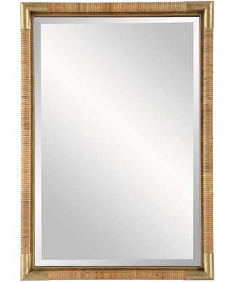 • Features: The kampar mirror is made with an iron frame finished in a heavily antiqued gold featuring a hand wrapped natural rattan. mirror has a generous 1 1/4" bevel. may be hung horizontal or vertical.
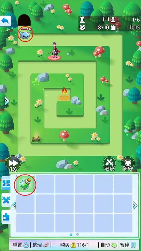2、游戏中需将英雄放置在最佳位置,面对敌人来袭时,英雄将自动进行攻击,同时可利用金币为英雄回血或提升攻击技能,确保战斗效率。
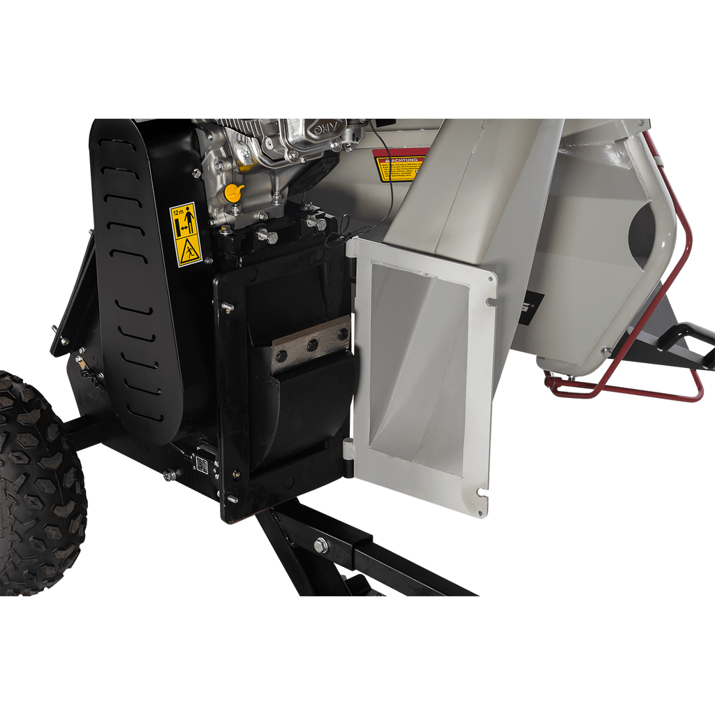 Die verstärkte Duplex-Messertrommel mit erhöhter Einzugskraft verarbeitet auch widerspenstiges Material zuverlässig und sorgt für gleichmäßige Ergebnisse. Mit dem verstellbaren Auswurfschacht und der Auswurfklappe kannst Du den Auswurf präzise auf Deine Bedürfnisse einstellen und das zerkleinerte Material gezielt ablegen. Zum Reinigen der Messertrommel lassen sich sowohl der Einfüll- als auch der Auswurftrichter einfach zur Seite klappen, was die Wartung besonders unkompliziert macht.
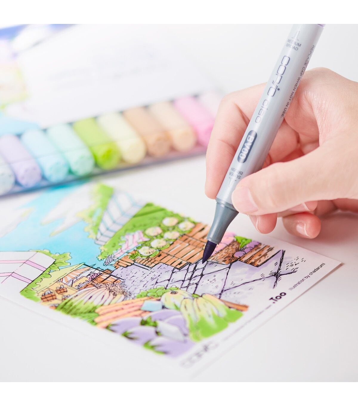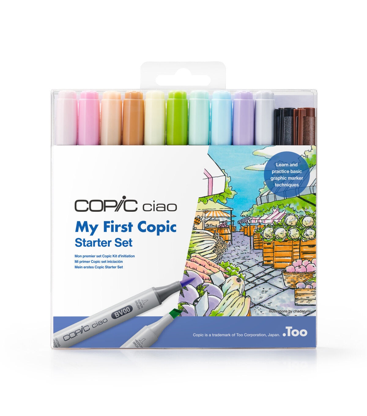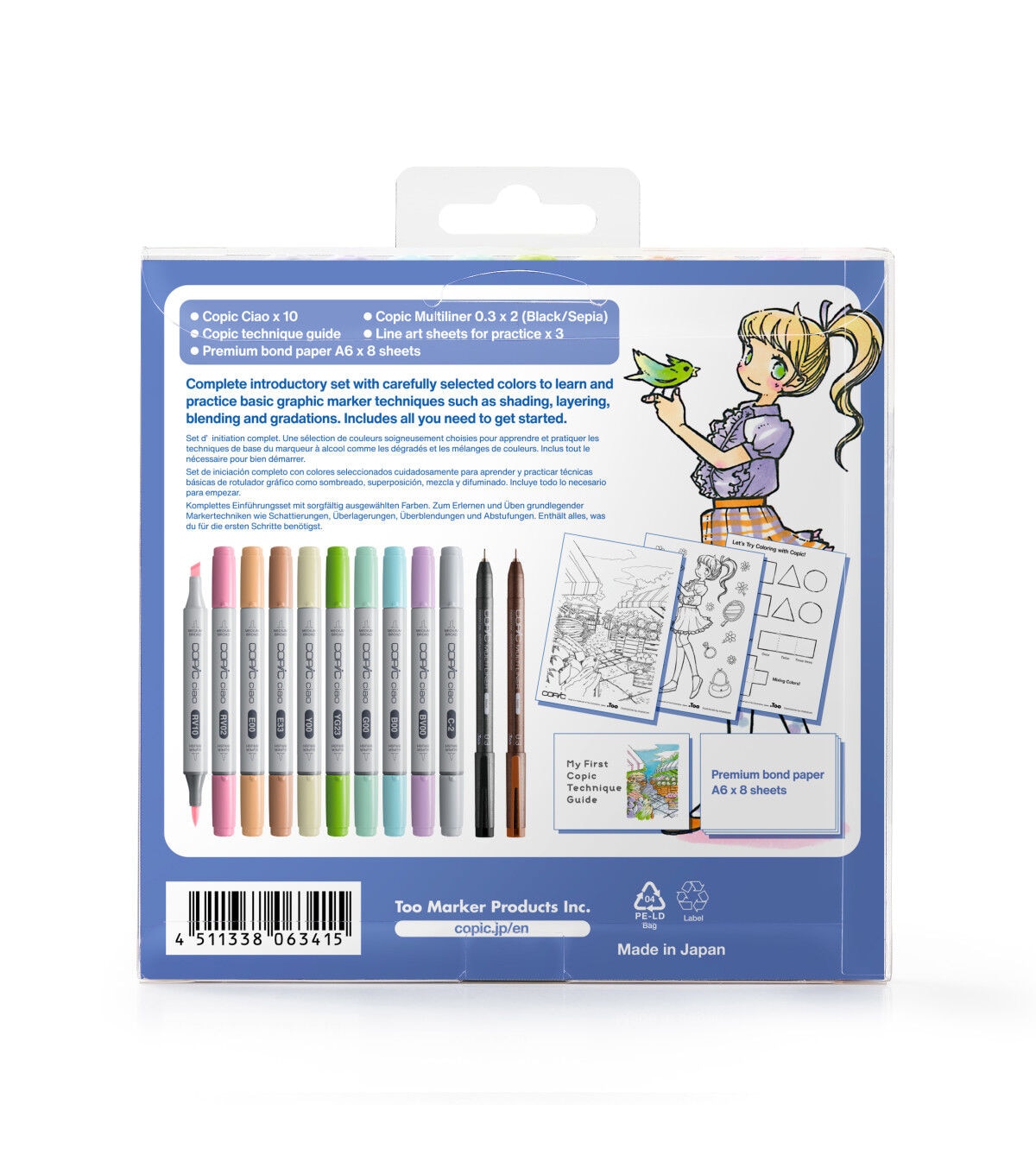 This starter set includes ten COPIC Ciao markers in light tone colors, black and sepia Multiliner pens, a tutorial page, line art practice sheets, and premium bond paper sheets. The set contains one each of Ciao markers in mauve shadow, sugared almond pink, pale pink, barium yellow, new leaf, jade green, frost blue, cotton pearl, sand, and cool gray 2, and one each of .3mm Multiliner Pens in black and sepia.
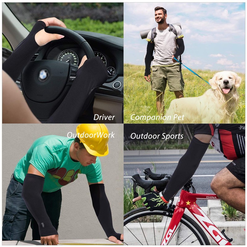 - You will receive 5 pairs black arm sleeves. Cooling touch feeling, skin friendly fabric, absorbent and UV protective sleeves will provide you an icy wearing experience. Do not worry about blistering summer days, just go out to have fun with this cooling sleeves.
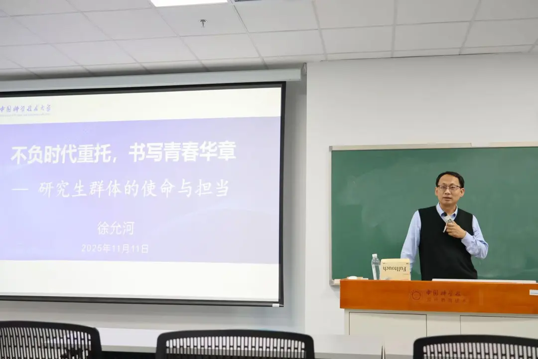 为强化研究生使命担当,引导研究生树立科研报国远大志向,11月11日晚,教育处邀请到中国科学技术大学化学与材料科学学院党委书记徐允河教授以《不负时代重托,书写青春华章》为题,为我所2025级研究生上了一堂生动的思政课。
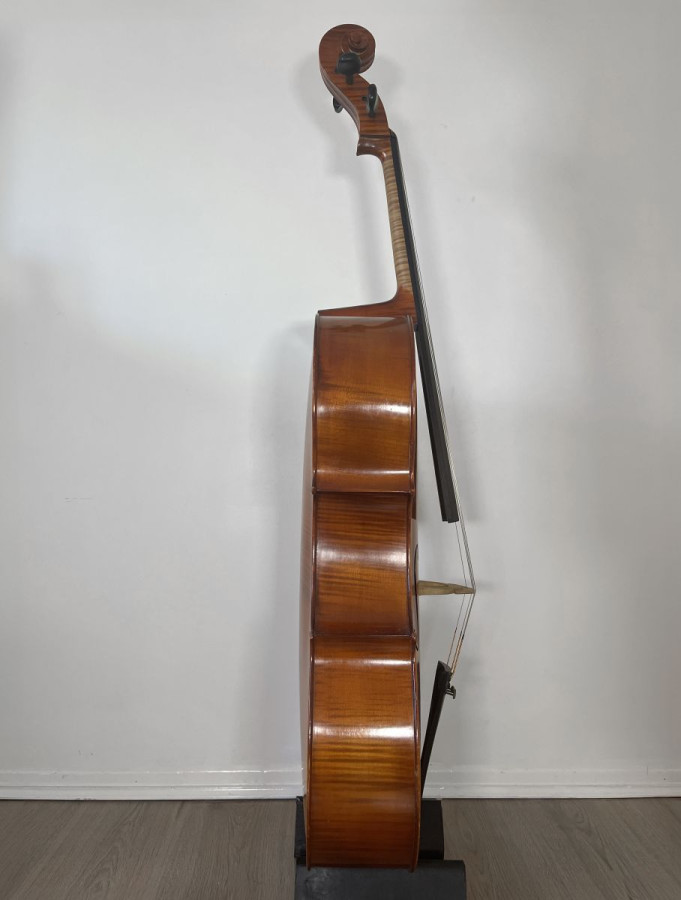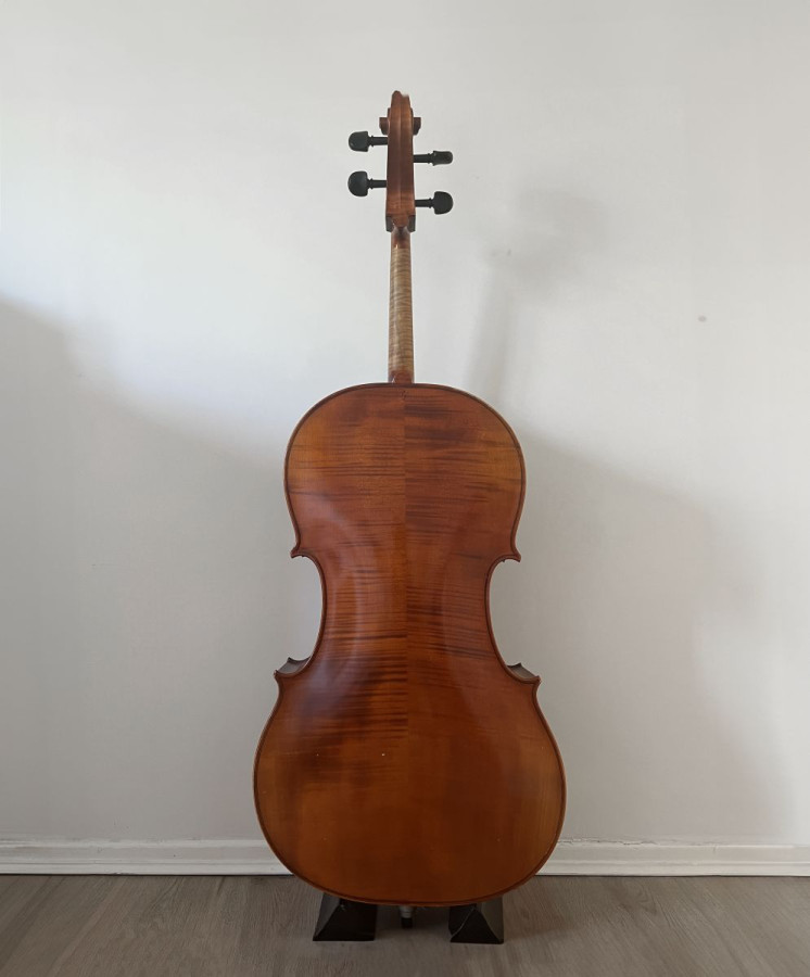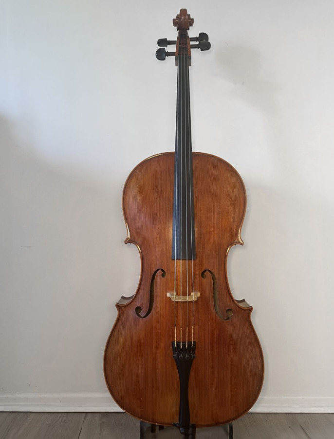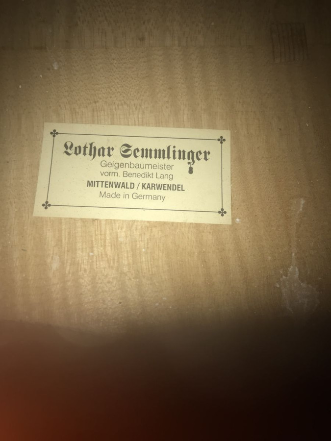 A rich sounding cello, made in the workshop of renowned luthier Lothar Semmlinger. The front is of fine grain and of a deep varnish and the back, ribs and neck are of a medium/deep flame. The overall condition of the cello is excellent. It has never been repaired and only has a few minor blemishes. This is a finely made instrument that would suit a student of any level or serve as an excellent back-up instrument for a professional musician. Includes a decent bow from Finkel Atelier and a hard case.

####################

What you give back must match the lines from the start of the records through the line that contains "为强化研究生使命担当,引导研", exactly, with the pictures left out.

 • Features: The kampar mirror is made with an iron frame finished in a heavily antiqued gold featuring a hand wrapped natural rattan. mirror has a generous 1 1/4" bevel. may be hung horizontal or vertical.
2、游戏中需将英雄放置在最佳位置,面对敌人来袭时,英雄将自动进行攻击,同时可利用金币为英雄回血或提升攻击技能,确保战斗效率。
 Die verstärkte Duplex-Messertrommel mit erhöhter Einzugskraft verarbeitet auch widerspenstiges Material zuverlässig und sorgt für gleichmäßige Ergebnisse. Mit dem verstellbaren Auswurfschacht und der Auswurfklappe kannst Du den Auswurf präzise auf Deine Bedürfnisse einstellen und das zerkleinerte Material gezielt ablegen. Zum Reinigen der Messertrommel lassen sich sowohl der Einfüll- als auch der Auswurftrichter einfach zur Seite klappen, was die Wartung besonders unkompliziert macht.
 This starter set includes ten COPIC Ciao markers in light tone colors, black and sepia Multiliner pens, a tutorial page, line art practice sheets, and premium bond paper sheets. The set contains one each of Ciao markers in mauve shadow, sugared almond pink, pale pink, barium yellow, new leaf, jade green, frost blue, cotton pearl, sand, and cool gray 2, and one each of .3mm Multiliner Pens in black and sepia.
 - You will receive 5 pairs black arm sleeves. Cooling touch feeling, skin friendly fabric, absorbent and UV protective sleeves will provide you an icy wearing experience. Do not worry about blistering summer days, just go out to have fun with this cooling sleeves.
 为强化研究生使命担当,引导研究生树立科研报国远大志向,11月11日晚,教育处邀请到中国科学技术大学化学与材料科学学院党委书记徐允河教授以《不负时代重托,书写青春华章》为题,为我所2025级研究生上了一堂生动的思政课。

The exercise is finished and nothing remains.